[Provided entries]
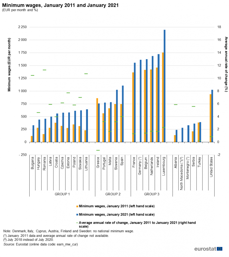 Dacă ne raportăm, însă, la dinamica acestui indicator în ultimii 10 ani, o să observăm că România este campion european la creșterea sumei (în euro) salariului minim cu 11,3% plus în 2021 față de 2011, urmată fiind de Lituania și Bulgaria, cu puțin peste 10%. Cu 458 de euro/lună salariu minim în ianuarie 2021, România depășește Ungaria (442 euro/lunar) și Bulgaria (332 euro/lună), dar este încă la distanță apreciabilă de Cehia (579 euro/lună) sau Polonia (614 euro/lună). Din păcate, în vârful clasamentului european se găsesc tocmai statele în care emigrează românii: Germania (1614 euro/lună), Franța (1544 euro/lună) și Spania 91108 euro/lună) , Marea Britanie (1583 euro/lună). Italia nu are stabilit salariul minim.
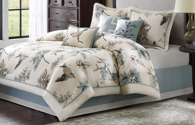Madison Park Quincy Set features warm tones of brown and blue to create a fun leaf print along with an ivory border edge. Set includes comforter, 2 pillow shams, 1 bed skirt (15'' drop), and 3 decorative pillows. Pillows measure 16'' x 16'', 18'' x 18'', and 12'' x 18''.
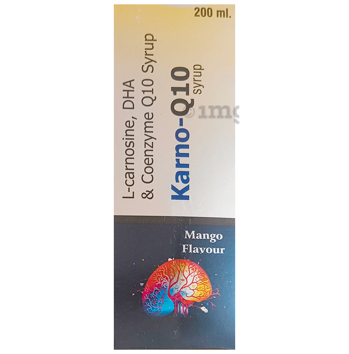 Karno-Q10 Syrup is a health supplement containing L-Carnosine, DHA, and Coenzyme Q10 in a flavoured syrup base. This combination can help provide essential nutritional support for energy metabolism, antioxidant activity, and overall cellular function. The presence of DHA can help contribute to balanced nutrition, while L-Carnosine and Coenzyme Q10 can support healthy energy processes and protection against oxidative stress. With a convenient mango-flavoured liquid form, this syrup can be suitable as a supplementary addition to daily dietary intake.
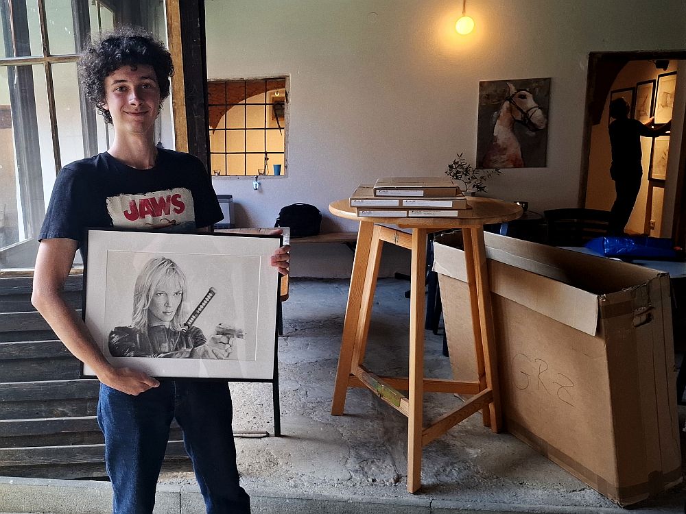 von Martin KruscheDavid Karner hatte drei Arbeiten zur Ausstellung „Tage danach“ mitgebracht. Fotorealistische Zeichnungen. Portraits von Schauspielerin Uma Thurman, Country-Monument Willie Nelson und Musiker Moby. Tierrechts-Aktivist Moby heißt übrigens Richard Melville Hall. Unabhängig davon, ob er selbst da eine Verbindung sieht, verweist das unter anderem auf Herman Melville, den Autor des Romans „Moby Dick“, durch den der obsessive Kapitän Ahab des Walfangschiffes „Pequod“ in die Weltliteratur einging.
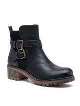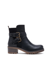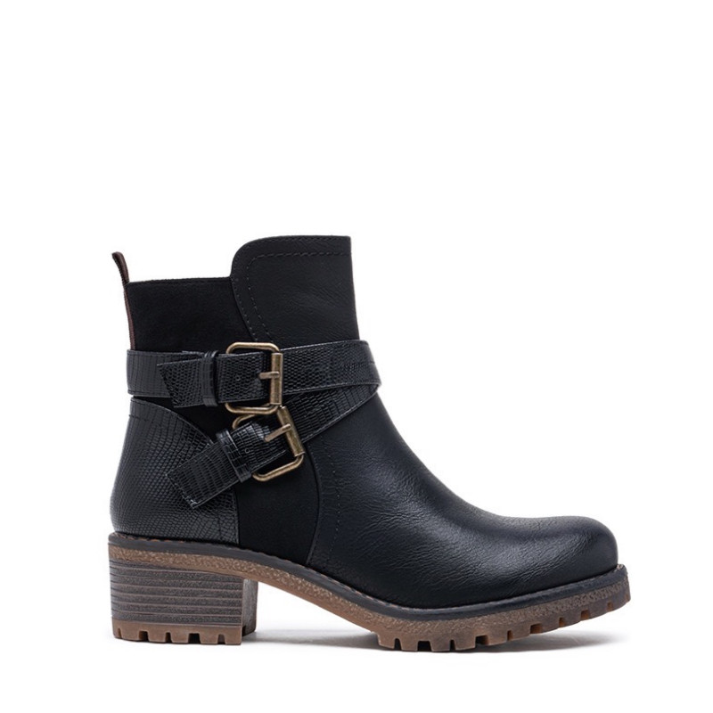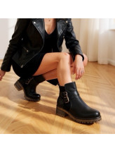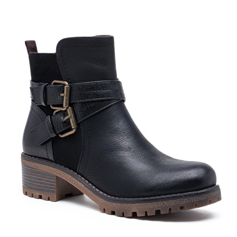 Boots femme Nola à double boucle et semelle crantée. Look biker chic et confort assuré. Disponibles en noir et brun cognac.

[What you need to do] What's needed is an exact copy of the lines above from the one with "Madison Park Quincy" through the one with "von Martin KruscheDavid", both included; the pictures stay out.

[Task result]
Madison Park Quincy Set features warm tones of brown and blue to create a fun leaf print along with an ivory border edge. Set includes comforter, 2 pillow shams, 1 bed skirt (15'' drop), and 3 decorative pillows. Pillows measure 16'' x 16'', 18'' x 18'', and 12'' x 18''.
 Karno-Q10 Syrup is a health supplement containing L-Carnosine, DHA, and Coenzyme Q10 in a flavoured syrup base. This combination can help provide essential nutritional support for energy metabolism, antioxidant activity, and overall cellular function. The presence of DHA can help contribute to balanced nutrition, while L-Carnosine and Coenzyme Q10 can support healthy energy processes and protection against oxidative stress. With a convenient mango-flavoured liquid form, this syrup can be suitable as a supplementary addition to daily dietary intake.
 von Martin KruscheDavid Karner hatte drei Arbeiten zur Ausstellung „Tage danach“ mitgebracht. Fotorealistische Zeichnungen. Portraits von Schauspielerin Uma Thurman, Country-Monument Willie Nelson und Musiker Moby. Tierrechts-Aktivist Moby heißt übrigens Richard Melville Hall. Unabhängig davon, ob er selbst da eine Verbindung sieht, verweist das unter anderem auf Herman Melville, den Autor des Romans „Moby Dick“, durch den der obsessive Kapitän Ahab des Walfangschiffes „Pequod“ in die Weltliteratur einging.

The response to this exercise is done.